In short, Is This It lacked breath, depth and length. The personification of one-dimensional music. The prospect that The Strokes were the future of guitar-based music absolutely horrified me. So I turned my back on it all.

At the same time I discovered bands like Broadcast and Tortoise. I spent many evenings that year exploring the Warp Records website, avidly listening to the audio clips of their releases. A door had been opened to an amazing world where exciting and innovative music was being made.

Six years on, I am still listening to exciting and innovative music released on Warp — in the shape of Battles.

For an alternative view on The Guardian article, here is Richard Havers.

I know that Dark Side of the Rainbow is pretty old news, but I’ve just watched it for the first time on Google Video.
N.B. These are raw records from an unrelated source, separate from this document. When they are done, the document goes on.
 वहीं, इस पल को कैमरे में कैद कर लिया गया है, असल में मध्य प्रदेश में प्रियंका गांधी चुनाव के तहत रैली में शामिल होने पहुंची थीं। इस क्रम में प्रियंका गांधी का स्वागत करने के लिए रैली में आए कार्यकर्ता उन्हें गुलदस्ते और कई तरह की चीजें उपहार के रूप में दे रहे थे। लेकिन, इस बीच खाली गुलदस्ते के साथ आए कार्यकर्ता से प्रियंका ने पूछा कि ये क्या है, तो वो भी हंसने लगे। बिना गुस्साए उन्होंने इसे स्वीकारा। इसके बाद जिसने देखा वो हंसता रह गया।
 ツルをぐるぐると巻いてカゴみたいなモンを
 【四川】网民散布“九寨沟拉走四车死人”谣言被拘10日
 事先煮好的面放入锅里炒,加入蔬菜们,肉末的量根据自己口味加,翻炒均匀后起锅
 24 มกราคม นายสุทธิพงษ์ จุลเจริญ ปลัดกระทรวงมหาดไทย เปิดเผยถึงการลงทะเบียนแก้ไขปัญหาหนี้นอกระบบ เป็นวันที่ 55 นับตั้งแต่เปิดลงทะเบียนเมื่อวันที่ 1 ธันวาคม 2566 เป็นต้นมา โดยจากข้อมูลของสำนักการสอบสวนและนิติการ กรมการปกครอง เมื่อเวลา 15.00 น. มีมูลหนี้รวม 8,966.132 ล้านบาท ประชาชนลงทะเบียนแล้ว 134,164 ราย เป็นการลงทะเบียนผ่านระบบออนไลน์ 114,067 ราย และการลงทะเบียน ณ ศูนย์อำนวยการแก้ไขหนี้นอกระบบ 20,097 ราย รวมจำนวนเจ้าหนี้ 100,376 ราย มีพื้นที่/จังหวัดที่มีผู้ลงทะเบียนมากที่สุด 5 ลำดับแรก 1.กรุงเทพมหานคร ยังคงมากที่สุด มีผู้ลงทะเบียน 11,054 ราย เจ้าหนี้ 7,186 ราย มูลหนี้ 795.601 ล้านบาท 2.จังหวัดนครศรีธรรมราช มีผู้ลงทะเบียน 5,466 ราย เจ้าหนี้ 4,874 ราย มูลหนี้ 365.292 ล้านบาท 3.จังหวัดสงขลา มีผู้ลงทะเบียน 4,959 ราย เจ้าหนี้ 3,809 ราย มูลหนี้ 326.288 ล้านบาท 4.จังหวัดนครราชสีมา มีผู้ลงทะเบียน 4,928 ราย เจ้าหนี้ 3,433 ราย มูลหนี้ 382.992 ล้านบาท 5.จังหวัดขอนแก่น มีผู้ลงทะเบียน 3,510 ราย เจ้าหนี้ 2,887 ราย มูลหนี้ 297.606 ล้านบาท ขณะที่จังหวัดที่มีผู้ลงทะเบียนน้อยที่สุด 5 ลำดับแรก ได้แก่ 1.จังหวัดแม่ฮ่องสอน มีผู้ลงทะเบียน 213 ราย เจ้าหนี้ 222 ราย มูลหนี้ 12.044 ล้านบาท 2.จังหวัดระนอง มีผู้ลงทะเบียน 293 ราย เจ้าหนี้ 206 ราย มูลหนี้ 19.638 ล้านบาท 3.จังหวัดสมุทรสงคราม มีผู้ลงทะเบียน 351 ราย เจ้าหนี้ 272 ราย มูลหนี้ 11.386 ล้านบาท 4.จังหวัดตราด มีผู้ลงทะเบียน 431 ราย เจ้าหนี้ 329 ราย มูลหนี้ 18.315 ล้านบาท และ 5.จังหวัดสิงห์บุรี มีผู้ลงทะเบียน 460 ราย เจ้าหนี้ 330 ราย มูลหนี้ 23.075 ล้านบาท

I have to say, it is indeed scarily synchronised at certain points. The beginning of ‘Time’ gave me the creeps!

The official UK album chart is currently celebrating its 50th birthday.

Politicians have already chosen their favourite albums to have reached number 1. Now the public are being given their chance to vote (via Currybet).
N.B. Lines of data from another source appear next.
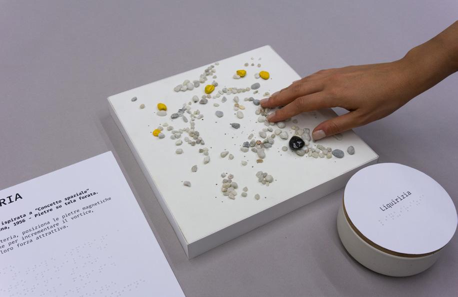Bianco vivo is a museum pathway that narrates the potential of white through a triptych of artworks, linked by the theme of color and exhibited at the Museo del Novecento in Milan. The project's objective was to create a system of artifacts that could communicate in an accessible manner, making the three artworks enjoyable for blind or visually impaired users. For this reason, the system includes elements that refer to different senses in a complementary way. The main artifact is a short animated video designed to be experienced by deaf and blind individuals. The system also comprises three interactive tactile panels that evoke the distinctive elements of each artwork, as well as various Braille captions. Additionally, there are three boxes containing candies whose taste and shape are matched to the referenced work.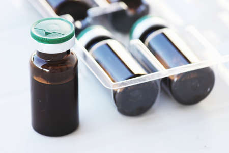 Abstract medical background, an ampoules with pink liquid. Vaccine in bottles background.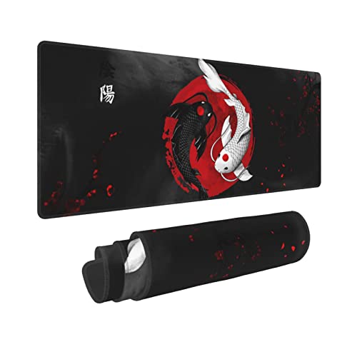 Japansk yin och Yang Koi karp fisk svart röd musmatta XL utökad skrivbordsmatta, halkfri gummibas sydd kant spel pc skrivbord stor musmatta, 80 x 30 cm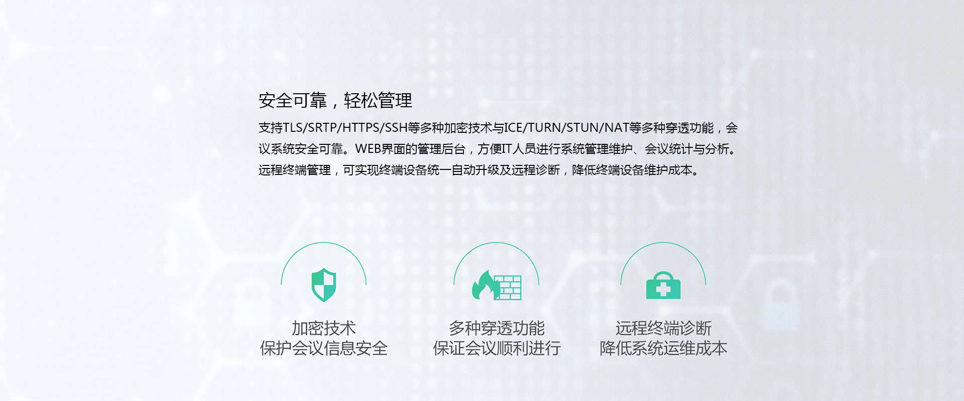 賬號注冊服務器:最多可支持10,000個注冊賬號;穿透服務器:ICE/TURN/STUN/NAT;有會議管理服務器:有會議管理服務器;企業地址簿服務器:企業地址簿自動同步到終端;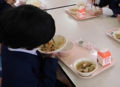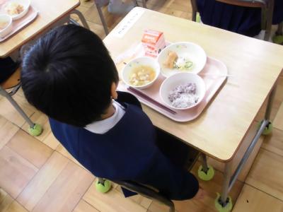 調理員さんたちが一生懸命作ってくださった給食を、なるべく残さず、おいしくいただきます。
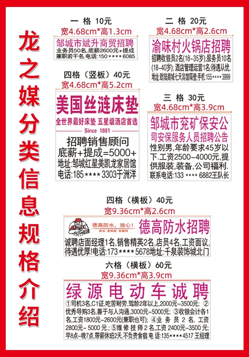 5.发行范围:邹城市区沿街店铺,电子版发布到龙之媒微信公众平台、同城信息平台上。
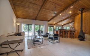 Outside:HUGE LOT! This property is an oversized lot with an additional property parcel available. Approximately 3,500 Sq.Ft under air with deer lap pool, complete with a 37X37, spacious outdoor entertainment area. Covered deck patio area with stained cypress wood ceiling. NEW ROOF!Inside:Tall stunning pine ceilings captivate you as you enter this 5 bedroom, 4 bath, 3 car garage home. This updated kitchen is fit for a chef featuring top of the line appliances, gas stove, dual dishwashers, ice maker, beverage fridge and more! Freshly painted inside and out ready for the buyer to decorate! Easy to show.
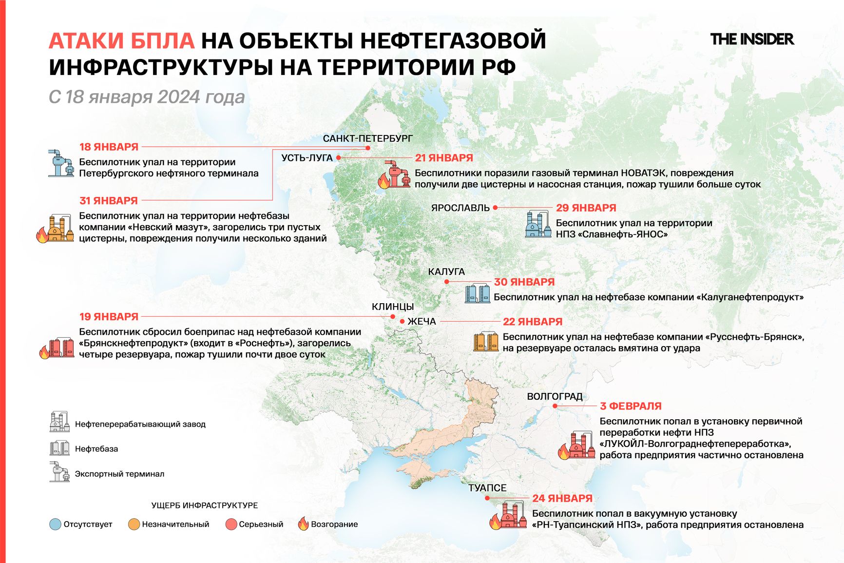 С начала года беспилотники долетели уже до девяти российских НПЗ, но по-настоящему результативных попаданий пока немного. Первой серьезной жертвой стал один из крупнейших нефтеперерабатывающих заводов России — НПЗ «Роснефти» в Туапсе. Загорелась вакуумная колонна, как уточнил источник The Insider в горадминистрации. По данным источников Reuters, работа завода остановлена до марта.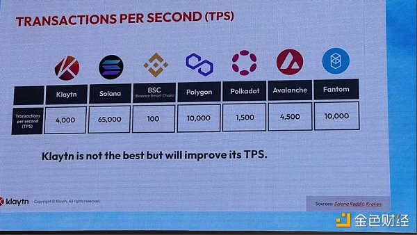 不過,如果按每秒交易量(TPS)計算,它并沒有使 Klaytn 成為最快的區塊鏈。在 4k TPS 時,它遠遠落后于 Polygon、Fantom 或 Solana,但 Klaytn 正計劃對此進行改進。

The fact that you have to choose albums that have reached number 1 is surprisingly restrictive. For instance, you won’t be able to select ‘Dark Side of the Moon’. Meanwhile almost all of my favourite albums apart from Radiohead probably didn’t even reach the top 40, never mind the top spot.
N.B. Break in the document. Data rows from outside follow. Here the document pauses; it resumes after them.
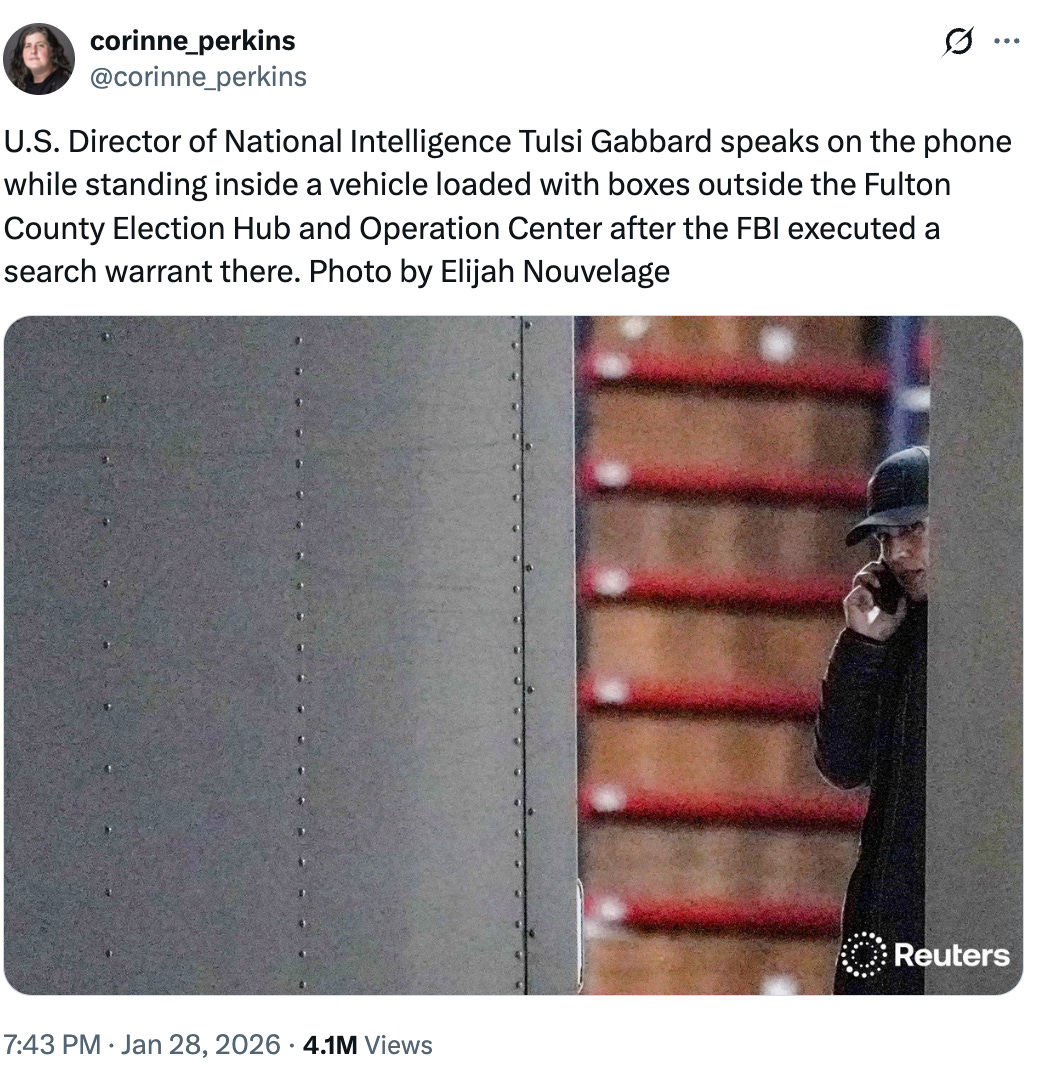 In Georgia, the FBI executed search warrants on the Fulton County voting center on Wednesday, retrieving ballots and other election administration records from the 2020 election in a Big Lie-fueled move that was as absurd as it was dangerous. More than five years after the election, Trump is still chasing his white whale of election fraud and a host of DOJ and FBI appointees are eager to oblige. The theatrical move checks the box for loyalty, keeps the Big Lie alive, sows doubt about any future Trump loss, and creates the kind of MAGA spectacle that Trump loves.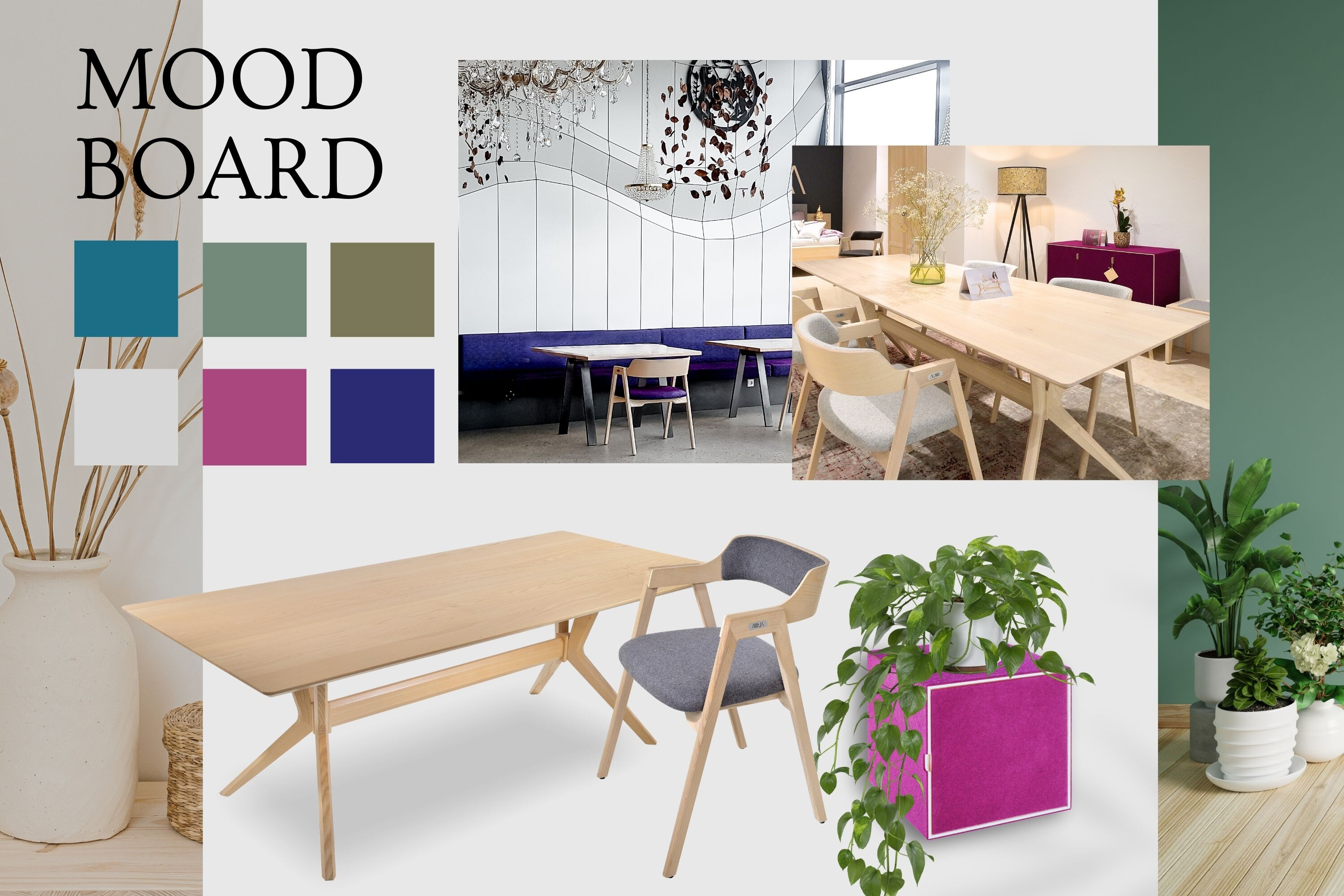 Esche besticht durch ihre helle, lebendige Farbe und eine markante Maserung, die jedem Raum eine frische, moderne Atmosphäre verleiht. Dieses Holz ist extrem widerstandsfähig und eignet sich daher perfekt für einen viel genutzten Esstisch. Eine Tischplatte aus Esche mit natürlichen Baumkanten bringt die Schönheit der Natur direkt in dein Esszimmer und schafft einen einzigartigen Blickfang. Farbkombinationen: Kombiniere Esche mit natürlichen Tönen, wie Steintöne, Pastellfarben und gedämpftes Grün und hellen Accessoires, um eine luftige, freundliche Atmosphäre zu schaffen. Kräftige Farben und Dunkle Töne, wie Beere, Magenta, Blau- und Petrol setzen spannende Kontraste.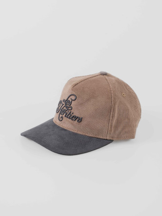 La seva preparació destaca per la barreja de materials: els panells en pana, amb el seu tacte suau i visual acollidor, contrasten subtilment amb la visera en antelina imitació, que proporciona estructura i aire refinat. Aquesta combinació no només enriqueix la seva presència visual, sinó que també enriqueix l’experiència sensorial dels qui la porten.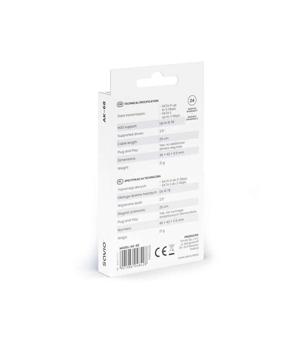 SAVIO AK-68 Adapter USB-A 3.1 Gen 1 (M) - SATA (F) for 2.5" drives

I do own a lot of the albums though, particularly from the late 1990s, when I obviously still wasn’t quite savvy enough to be buying albums that weren’t popular. I am afraid my oldest selection is from the mid-1990s. I could have chosen some older ones, but I didn’t want to select just any old album. For instance, I could have chosen ‘The Last Broadcast’ by Doves because I do really like the album. But is it one of my favourites? Probably not. So I chose albums that I have listened to over and over again, and really mean something to me.

Here are my choices then:

  • Oasis — (What’s the Story) Morning Glory?
    I don’t actually own this album, but it is a bit difficult not to choose this album because I do quite like it. I realised it was great when I picked it up and realised that I knew every single one of the tracks, without ever having properly listened to it.
  • Pulp — Different Class
    Pulp was the first band I truly became obsessed with as a child. I recently rediscovered ‘Different Class’ — what a fine album it is. I have a whole blog post waiting to be posted about this though, so I’ll leave Pulp alone for the time being.
  • Radiohead — OK Computer
    One of the most overrated albums of all time, but it’s still quite good. It would probably be one of my favourites if it wasn’t for ‘Let Down’ and ‘Subterranean Homesick Alien’. Those tracks simply do not belong on an album lauded for being one of the greatest of all time.
  • Pulp — This is Hardcore
    It might not be quite as rounded as ‘Different Class’, certainly in terms of the appeal of Jarvis’ lyrics. The fun, poppy side was hidden away as the band became dark and creepy. Musically, bar a few turkeys, This is Hardcore is still very strong though. The title track is my favourite Pulp song.
  • Massive Attack — Mezzanine
    There are lots of very strong tracks on this album, particularly ‘Teardrop’ and ‘Group Four’. In my view this is Massive Attack’s best album by far.
  • Blur — 13
    This is an exceptional album from Blur at their very peak. Some might not have liked the band bringing their more experimental elements to the fore, but none of it is misplaced in my view. It is difficult to find a bad track in this album. Unfortunately it was to be Blur’s last vaguely good moment, as they could not be quite the same after Graham Coxon’s departure.
  • Radiohead — Kid A
    Still my favourite album of all time.
  • Radiohead — Amnesiac
    It hasn’t quite got the flow and polish of ‘Kid A’, but some of Radiohead’s best tracks are on here. ‘Pyramid Song’ is a pure stroke of genius, while none of Radiohead’s or Thom Yorke’s subsequent laptoppery has come close to topping ‘Pulk / Pull Revolving Doors’.
  • Gorillaz — Demon Days
    Well, maybe it is pushing it a bit to call this album a proper great. But this album was much better than Gorillaz already fine eponymous debut. And I am pleased that an album like this can become such a mainstream success.